● Records for the task:
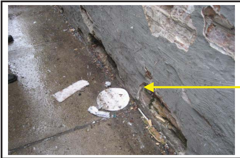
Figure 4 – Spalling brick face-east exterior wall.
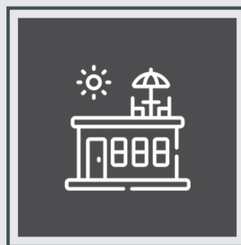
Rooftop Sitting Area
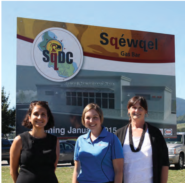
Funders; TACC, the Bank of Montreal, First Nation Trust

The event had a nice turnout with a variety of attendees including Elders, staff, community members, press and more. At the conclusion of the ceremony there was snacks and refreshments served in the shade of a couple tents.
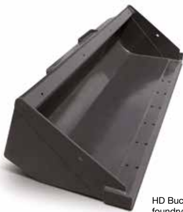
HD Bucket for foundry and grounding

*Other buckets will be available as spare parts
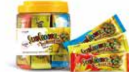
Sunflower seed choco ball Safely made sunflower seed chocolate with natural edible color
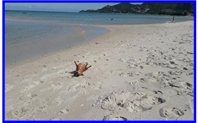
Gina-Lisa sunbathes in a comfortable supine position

● Task requirements: An exact, picture-free copy of the entries is required.

● Problem solution:
Figure 4 – Spalling brick face-east exterior wall.
Rooftop Sitting Area
Funders; TACC, the Bank of Montreal, First Nation Trust

The event had a nice turnout with a variety of attendees including Elders, staff, community members, press and more. At the conclusion of the ceremony there was snacks and refreshments served in the shade of a couple tents.
HD Bucket for foundry and grounding

*Other buckets will be available as spare parts
Sunflower seed choco ball Safely made sunflower seed chocolate with natural edible color
Gina-Lisa sunbathes in a comfortable supine position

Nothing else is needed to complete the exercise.